В церкви, на громкой проповеди отца германа, тихо ссорились две местные бабы. Они начали лаяться ещё по дороге сюда – сначала за цыплят, погрызанных хамским котом; а потом приплели петуха, кабана и лошадку – так что кажется, то был не кот, а завистливый муж твой, сосед, в шкуре оборотня.
- дура. Следить нужно лучше за хозяйством своим. Всё у вас постоянно не славабогу, и всегда мы виноваты.
- а хто ещё? Хто? Ты же нашему благолепию как нищая сучка завидуешь.
- заткнись, шваль подзаборная. Ты меня не сучила, а саму небось потаскали до свадьбы.
- я если в девках дала, так об том только хер его знает. Зато к тебе даже на дом ходили – в замужестве. Оттого и мужик твой усох, немощь в тапочках.
Тут на них цыкнула дряхлая праведная старушка, кутавшая всю себя в тёплый платок, оставив для проповеди лишь острые ушки; хотя другие, рядом стоящие тётки помладше, хотели бы слушать и дальше ругню эту – притихнув в любопытной истоме да мотая на ус – то бишь нос, потому что бабы усов не носят.

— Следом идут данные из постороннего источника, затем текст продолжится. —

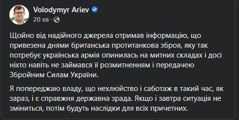 Об этом сообщает Цензор.НЕТ со ссылкой на Укринформ.

Здесь в церкви они есть у попа только, у диакона громогласа, да ещё молоденький служка из хора откладывает себе над губой – как муха личинки – мелковатую бледную поросль. Поповские благородные усы вкупе с окладистой бородой добавляют хозяину своему представительности, всей поселковой религии веса и власти, а попадье наверно весёлой щекотки, когда муж целует да ласкает её телеса. Дьякону казацкие вислые усищи нужны для строгости и пиетета к нему среди местного населенья; особенно средь выпивох, с которыми он частенько гуляет вне службы, да назойливых бальзаковских вдов, кои ему досаждают симпатией. А служка, отпуская себе козлиную бородёнку, как видно грезит подсидеть в будущем своего самого высокого столоначальника, хоть даже архимандита – потому что всякий кабинетный вояка хочет стать боевым генералом, и начинает свой длинный путь именно с усов да бакенбардов.

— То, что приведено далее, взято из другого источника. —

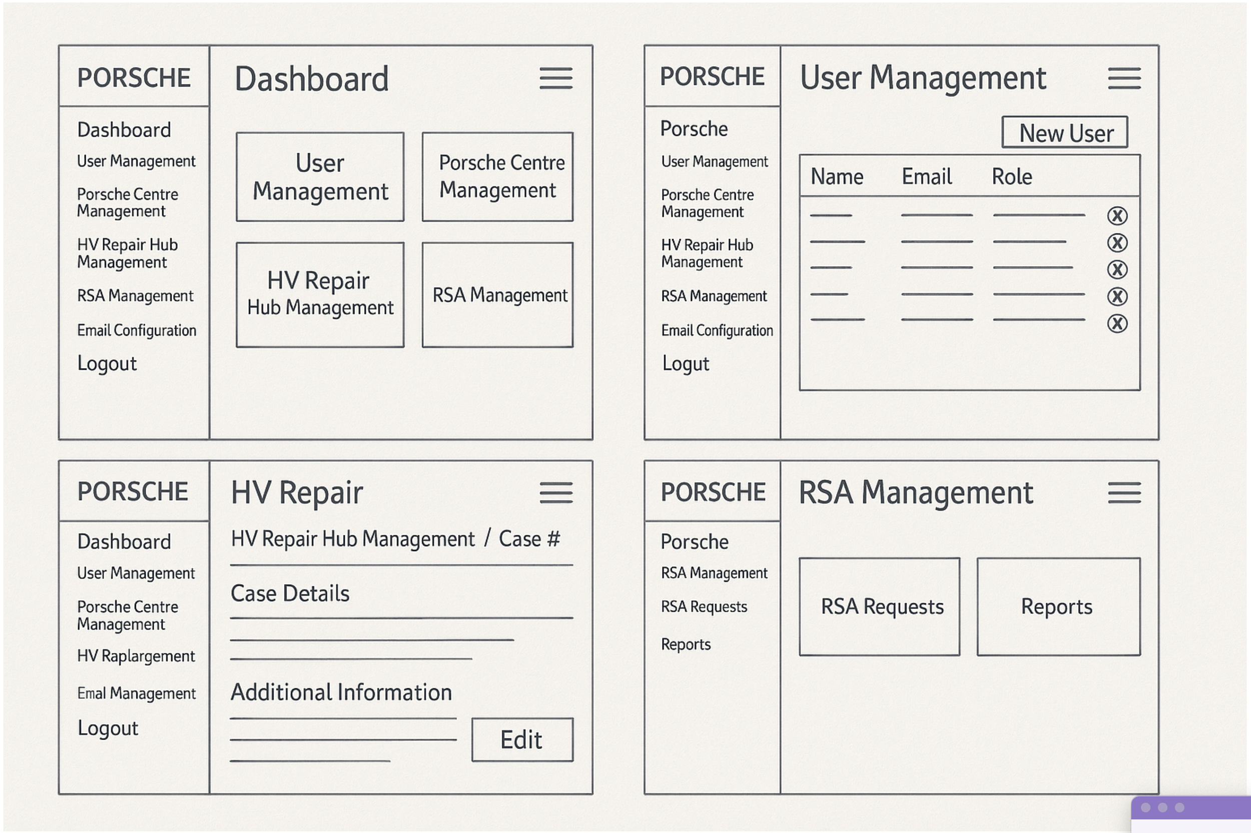 Initial sketches mapped key modules: User Management, Porsche Centre Management, HV Repair Hub, RSA Workflow, and Email Configuration. Primary goal was intuitive navigation and module isolation.

Проповедь тянулась уже больше часа: больно долгой была дорога от иконостаса до входных дверей, и каждому страждущему истины поп должен истово напеть о добре и зле – чтобы слово глубоко, как от зодческого стила отпечаталось на подкорке, а не в землю ушло вместе с жидким поносом. Даже маленькие детишки со вниманьем и жадностью раскрыли свои желторотые клювики, впитывая в плоть да кровь непонятные им но чудесные словеса, которые складывались в тягучие узорные фразы, пахнущие церковным ладаном и кухонной карамелью.
Только лишь те две бойкие бабы всё продолжали спорить ругаться. Их уши уже напрочь забились матюками, и в этой ёбтвоюмательной каше застревали не только поповские заклинания на любовь к своему ближнему, но и раздражённые цыканья тёток, старух, и грустная укоризна с иконы христа. До амвона пока ещё не долетели колченогие маты да грубости – хотя батька герман намётанным глазом трибуна видел метанья голов и платков в сердцевине толпы, и нюхом почуял что жареным пахнет.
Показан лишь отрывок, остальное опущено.